● **Problem to work on**: For this task, output exactly the lines of the material below starting at the line with "A beautiful ANTIQUE" and ending at the line with "Rám postele se"; pictures are to be excluded.

● **Records shown**:
==========

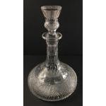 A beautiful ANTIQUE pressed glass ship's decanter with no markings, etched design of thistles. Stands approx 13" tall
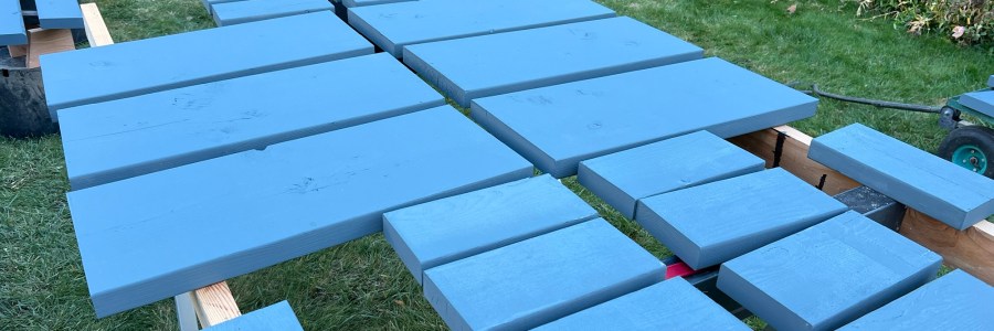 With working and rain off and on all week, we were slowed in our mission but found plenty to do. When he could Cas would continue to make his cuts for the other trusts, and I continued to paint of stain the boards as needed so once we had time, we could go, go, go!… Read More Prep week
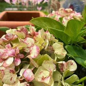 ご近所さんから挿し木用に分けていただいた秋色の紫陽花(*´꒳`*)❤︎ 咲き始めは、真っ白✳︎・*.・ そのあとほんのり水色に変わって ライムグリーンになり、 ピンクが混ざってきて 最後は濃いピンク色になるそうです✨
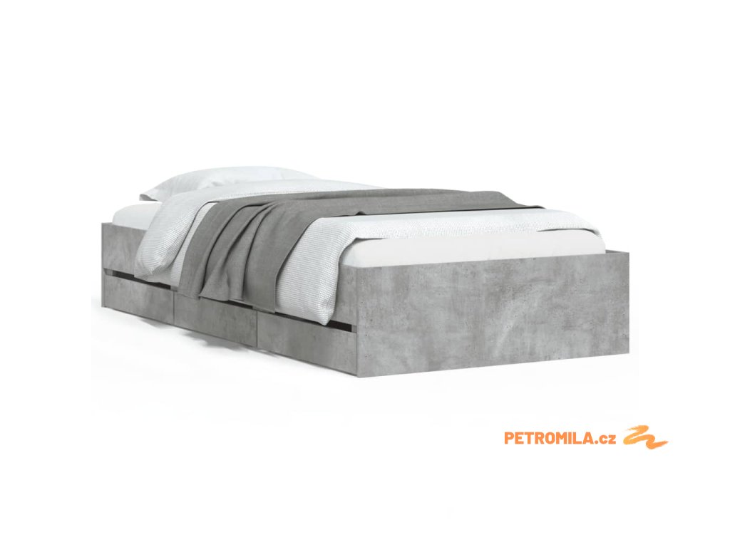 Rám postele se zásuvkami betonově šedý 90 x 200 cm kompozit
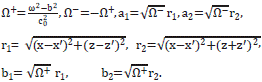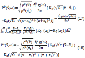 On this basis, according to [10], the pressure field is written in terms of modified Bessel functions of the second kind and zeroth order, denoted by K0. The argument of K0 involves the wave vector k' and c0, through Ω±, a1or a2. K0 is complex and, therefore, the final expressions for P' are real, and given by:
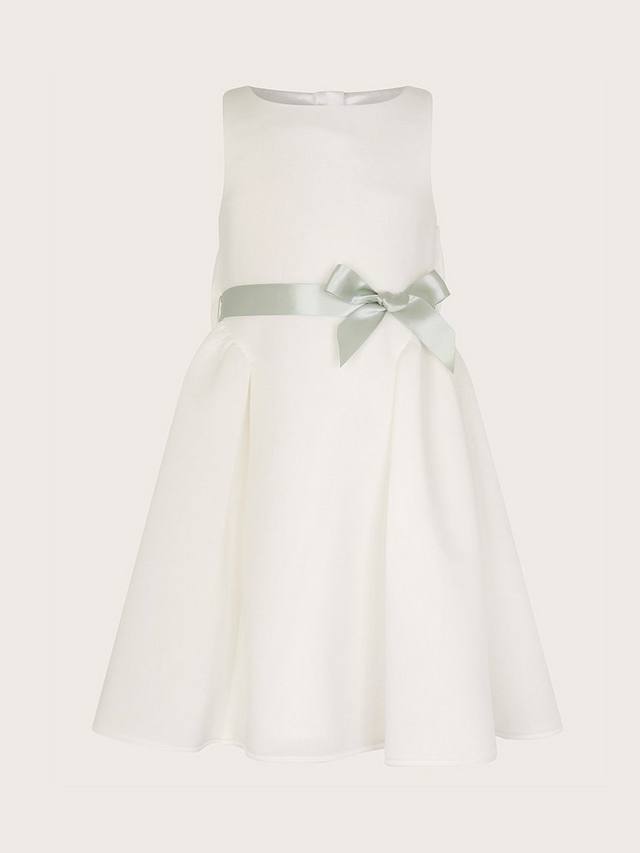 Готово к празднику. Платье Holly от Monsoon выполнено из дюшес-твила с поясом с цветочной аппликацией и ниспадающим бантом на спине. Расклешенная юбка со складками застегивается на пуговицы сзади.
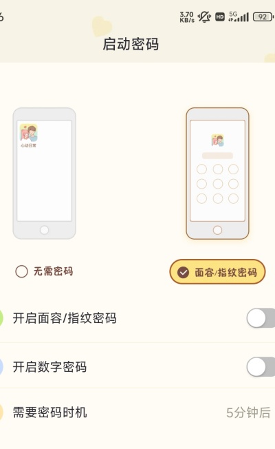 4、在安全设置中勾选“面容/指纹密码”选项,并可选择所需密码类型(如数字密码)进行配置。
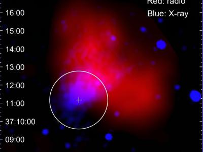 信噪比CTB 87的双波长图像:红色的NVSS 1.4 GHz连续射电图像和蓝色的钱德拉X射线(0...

==========

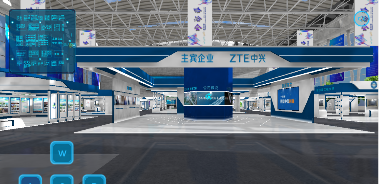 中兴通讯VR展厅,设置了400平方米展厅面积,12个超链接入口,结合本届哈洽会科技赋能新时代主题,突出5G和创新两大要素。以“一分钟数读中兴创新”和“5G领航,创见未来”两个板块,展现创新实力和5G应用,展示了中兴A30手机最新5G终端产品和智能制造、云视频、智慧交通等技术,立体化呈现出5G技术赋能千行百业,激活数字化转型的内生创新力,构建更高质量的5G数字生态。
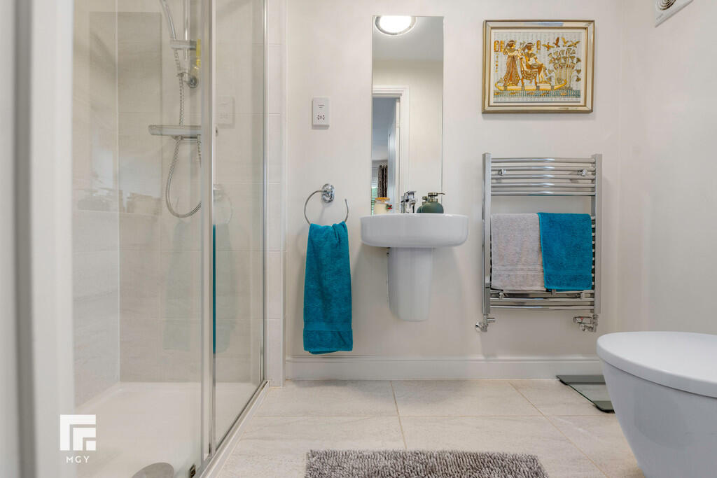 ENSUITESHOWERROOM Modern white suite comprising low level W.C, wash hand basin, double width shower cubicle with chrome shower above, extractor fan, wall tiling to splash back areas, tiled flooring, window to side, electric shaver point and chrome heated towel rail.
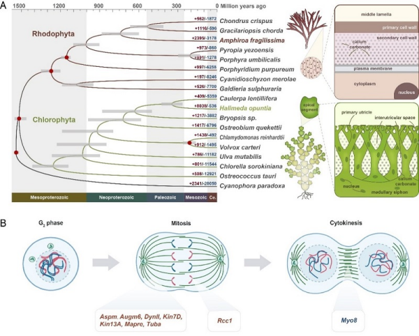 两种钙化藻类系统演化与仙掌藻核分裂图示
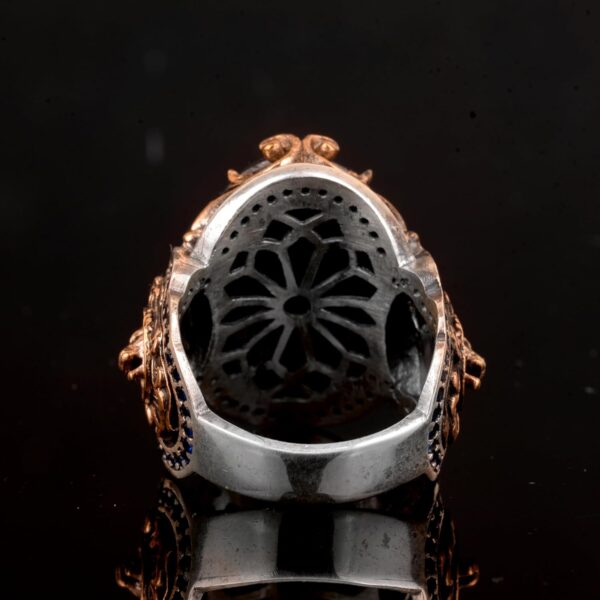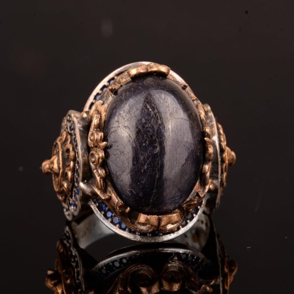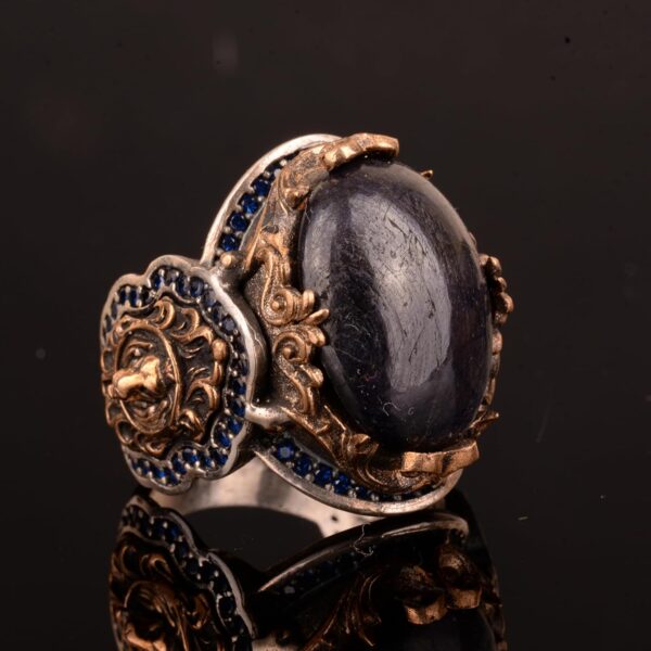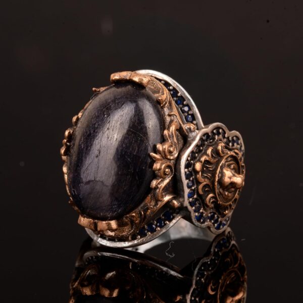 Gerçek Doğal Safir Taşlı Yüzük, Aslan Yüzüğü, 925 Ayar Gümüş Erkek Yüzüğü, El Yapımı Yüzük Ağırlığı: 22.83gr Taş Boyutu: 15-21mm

==========

● **Your response**:
 A beautiful ANTIQUE pressed glass ship's decanter with no markings, etched design of thistles. Stands approx 13" tall
 With working and rain off and on all week, we were slowed in our mission but found plenty to do. When he could Cas would continue to make his cuts for the other trusts, and I continued to paint of stain the boards as needed so once we had time, we could go, go, go!… Read More Prep week
 ご近所さんから挿し木用に分けていただいた秋色の紫陽花(*´꒳`*)❤︎ 咲き始めは、真っ白✳︎・*.・ そのあとほんのり水色に変わって ライムグリーンになり、 ピンクが混ざってきて 最後は濃いピンク色になるそうです✨
 Rám postele se zásuvkami betonově šedý 90 x 200 cm kompozit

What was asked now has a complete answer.